Problem requirements. An exact transcription of all the data is required; the pictures are to be left out.

Source data.
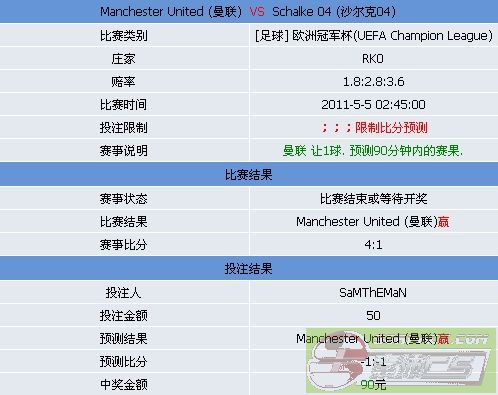 以下是引用COOL_SONIA在2011-5-5 14:51:00的发言:good lucky!~  not lucky , man utd 2 - 0 in away , so Shalke have to score 3 goals to win , but they lost in their own ground , so they cannot win in man utd ground .... if i had more money i would bet it all -.-
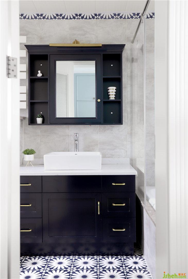 主衛(wèi)主打尊貴氣質(zhì)的藏藍色,淺灰色的復古墻磚搭配落地烤漆臺盆柜,結(jié)合美式儲藏鏡柜,地面搭配美式深藍花磚,色調(diào)中氤氳著冷冽的氣質(zhì),柔和的觸感彰顯了空間優(yōu)雅本色。
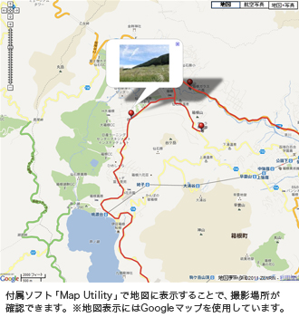 撮影時の位置情報を、画像データとともに記録・確認可能。カメラ上部の受信部が衛星からの信号を自動受信し、位置情報を細かく測位します。付属ソフト「Map Utility」を使えば、撮影ポイントの地図表示が可能です。
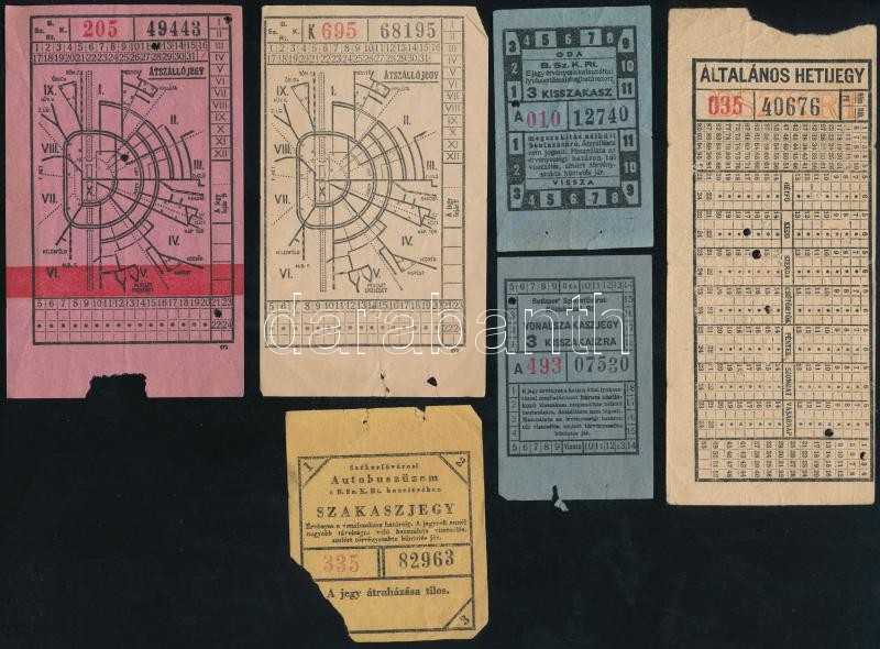 Budapesti közlekedési jegyek, autóbusz, villamos, 6 db. https://www.darabanth.com/hu/402-Gyorsarveres/402.0/Mutargy-papirregiseg-egyeb/Okmanyok~500018/Budapesti-kozlekedesi-jegyek-autobusz-villamos-6-db~II2471863
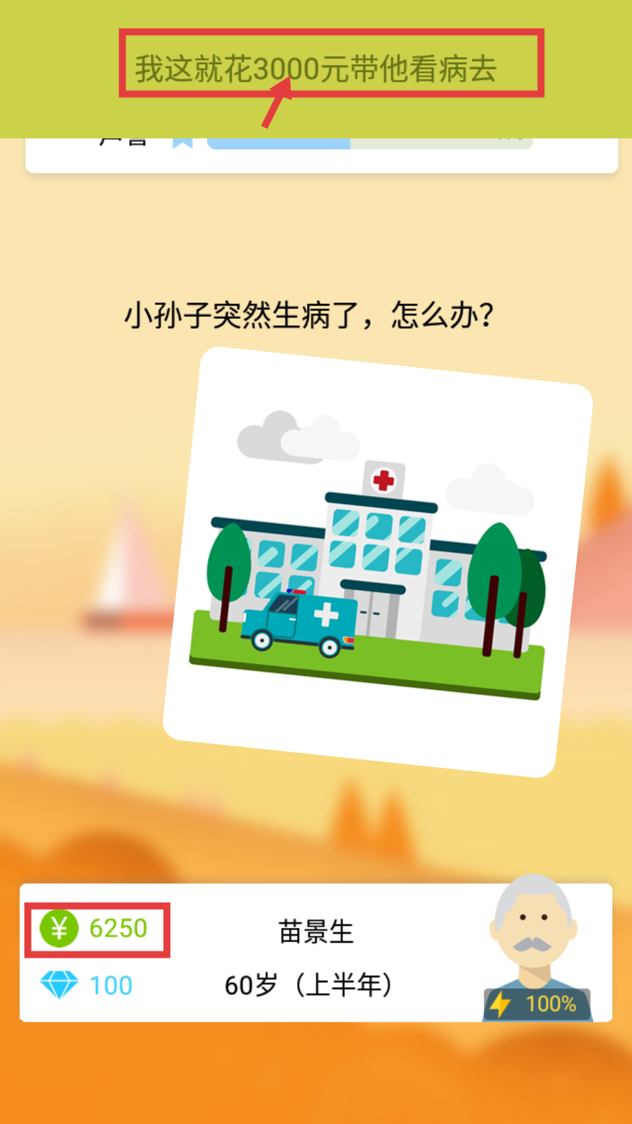 3、带孙子时遇其生病,选择花【3000元】带他看病,处理突发状况以保障后续生活。

Solution for this problem.
 以下是引用COOL_SONIA在2011-5-5 14:51:00的发言:good lucky!~  not lucky , man utd 2 - 0 in away , so Shalke have to score 3 goals to win , but they lost in their own ground , so they cannot win in man utd ground .... if i had more money i would bet it all -.-
 主衛(wèi)主打尊貴氣質(zhì)的藏藍色,淺灰色的復古墻磚搭配落地烤漆臺盆柜,結(jié)合美式儲藏鏡柜,地面搭配美式深藍花磚,色調(diào)中氤氳著冷冽的氣質(zhì),柔和的觸感彰顯了空間優(yōu)雅本色。
 撮影時の位置情報を、画像データとともに記録・確認可能。カメラ上部の受信部が衛星からの信号を自動受信し、位置情報を細かく測位します。付属ソフト「Map Utility」を使えば、撮影ポイントの地図表示が可能です。
 Budapesti közlekedési jegyek, autóbusz, villamos, 6 db. https://www.darabanth.com/hu/402-Gyorsarveres/402.0/Mutargy-papirregiseg-egyeb/Okmanyok~500018/Budapesti-kozlekedesi-jegyek-autobusz-villamos-6-db~II2471863
 3、带孙子时遇其生病,选择花【3000元】带他看病,处理突发状况以保障后续生活。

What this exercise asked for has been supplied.